Alliance Defending Freedom’s (ADF) Senior Counsel, Director of Center for Life Denise Harle told Live Action News:
The Biden Administration has once again prioritized politics over the health, safety, and welfare of women and girls. The OLC’s opinion suggesting that the U.S. Postal Service and major corporations should violate longstanding federal laws is an outrageous attack on the rule of law.
Instead of trying to promote the widespread distribution of dangerous chemical abortion drugs, the FDA should be removing them from the marketplace or, at minimum, strengthening the safeguards for those women who take these drugs. And the federal government should be respecting the laws of states that have chosen to protect unborn children and their mothers from the documented harms of abortion.
Last year, ADF attorneys filed a federal lawsuit challenging the approval of the drug by the FDA. The plaintiffs included four national medical associations and four doctors experienced in caring for pregnant and post-abortive women.
“The U.S. Food and Drug Administration chose politics over science when it pushed for the legalization of the chemical abortion drugs mifepristone and misoprostol in 2000,” the legal group’s release claimed.
ADF Senior Counsel Erik Baptist claimed the decision by the FDA to approve the drug was based on “shaky legal and moral ground.” Asked about the DOJ’s opinion, Baptist told Live Action News, “These longstanding federal laws prohibit the distribution of chemical abortion drugs by mail, common carrier, or express company. That means only the chemical drug manufacturer may deliver and distribute these drugs to abortionists around the country. The manufacturer cannot use the U.S. Postal Service, FedEx, UPS, or any third-party courier to distribute chemical abortion drugs to abortionists, pharmacies, or women in the United States.”

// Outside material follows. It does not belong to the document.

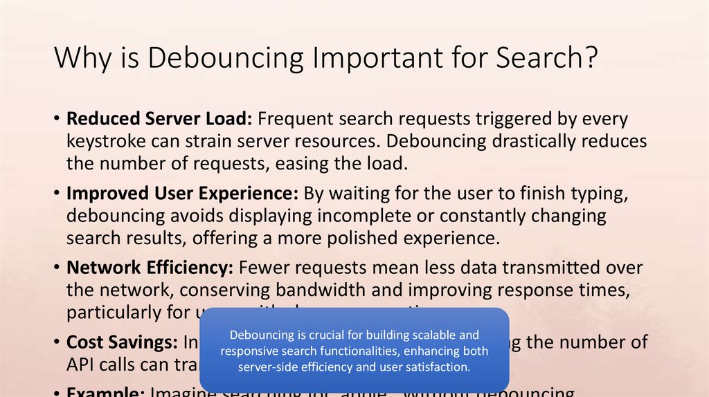 Why is Debouncing Important for Search?• Reduced Server Load: Frequent search requests triggered by every

Seibel suggested that politics may be playing a role here. “My initial reaction is that this is merely an opinion of the Biden DOJ, which will likely not prosecute under this federal law,” Seibel said. “However, when a new administration is elected, that DOJ may see it differently. Without actual litigation in the courts, this appears to be simply a political move to protect abortion.”